In the recently concluded week, the trading prices of gold concluded close to $2,290 per ounce, marking a continuity in its descending trajectory. This has been charted as its least impressive weekly performance going back to the latter days of June. The diminishing appeal of this precious metal can be attributed to several macro-economic factors, chief among them being the strengthening of the American dollar. This uptick in the dollar’s value comes on the back of stricter trade policies enacted by the United States.
The escalation in US trade policy rigor could be traced back to moves by President Donald Trump, who endorsed the implementation of a base tariff of 10% applied globally. This was supplemented by retaliatory tariffs that could soar up to 41% on nations devoid of a trade pact with the US. Furthermore, a substantial 40% tariff was levied on goods believed to be circumventing sanctions through intermediary countries. These policy measures reflect a significant shift in the US’s approach to international trade under President Trump’s administration, emphasizing a more protectionist stance aimed at bolstering domestic industries and reducing trade deficits.
The prospect of gold as a refuge asset was further marred by recent economic data from the US. Reports for June showed that both the core consumer price index (CPI) and producer price index (PPI) exceeded initial forecasts. This unexpected elevation in inflation rates fosters speculation about the Federal Reserve’s readiness to cut interest rates by September, casting shadows on the future monetary policy direction. Typically, lower interest rates increase the attractiveness of non-yielding assets like gold. However, the current scenario of rising inflation and potential for rate hikes dampens this appeal.
Looking forward, the market’s focus is poised to shift toward the US jobs report for July. This forthcoming report holds the potential to provide clearer insights into the Federal Reserve’s forthcoming decisions and consequently, will likely influence short-term expectations for precious metals including gold.
Delving into technical analysis, the XAU/USD pair is currently showing signs of consolidation, trading around the $2,298 mark. However, a potential break downwards could lead prices to touch the $2,255 level, indicating the possibility of further declines to $2,247. This movement is perceived as part of a broader negative trend, with a more significant target set at $2,055. Analysis based on the Moving Average Convergence Divergence (MACD) indicator supports this bearish outlook, with the signal line positioned below zero and significantly trending downwards.

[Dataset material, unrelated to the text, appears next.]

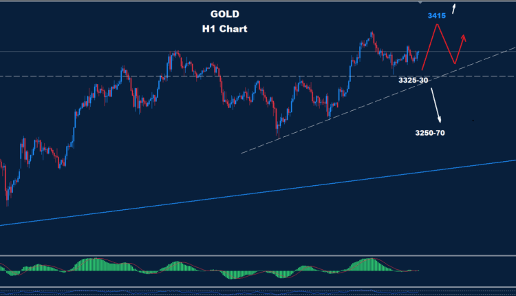 Gold found support yesterday around 3325-30 which could keep the advance wave going towards the 3415 resistance.

An alternative perspective from the hourly charts for the XAU/USD pair corroborates the consolidation trend near $2,298, with a potential slide to $2,263 potentially on the horizon. This could be succeeded by a rebound towards the $2,298 mark before another pullback to the $2,255 and eventually $2,247 levels. The Stochastic oscillator further underscores this prediction, highlighting a downtrend momentum.

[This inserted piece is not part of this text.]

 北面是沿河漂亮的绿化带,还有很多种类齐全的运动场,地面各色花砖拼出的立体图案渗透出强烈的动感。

In conclusion, the golden allure seems dimmed amidst uncertainties stirred by trade policies and projections of a hawkish Federal Reserve stance. A breach beneath pivotal support levels may hasten the declines, whereas any dovish data emerging from the US could offer a temporary respite to the beleaguered metal.
It’s paramount to note that the insights provided herein, particularly the technical analysis and market prognoses, are rooted in the personal opinions of the analysts from RoboForex Analytical Department. Such analyses should not be considered as definitive trading advice, as they are but perspectives based on current market conditions. As always, traders are advised to conduct their due diligence and bear full responsibility for their trading decisions.
This whole scenario underlines the intricate interplay between geopolitical events, national economic policies, and the global financial markets. The intricate dance between these variables often defines the shifts in asset valuations, presenting both risks and opportunities to global investors.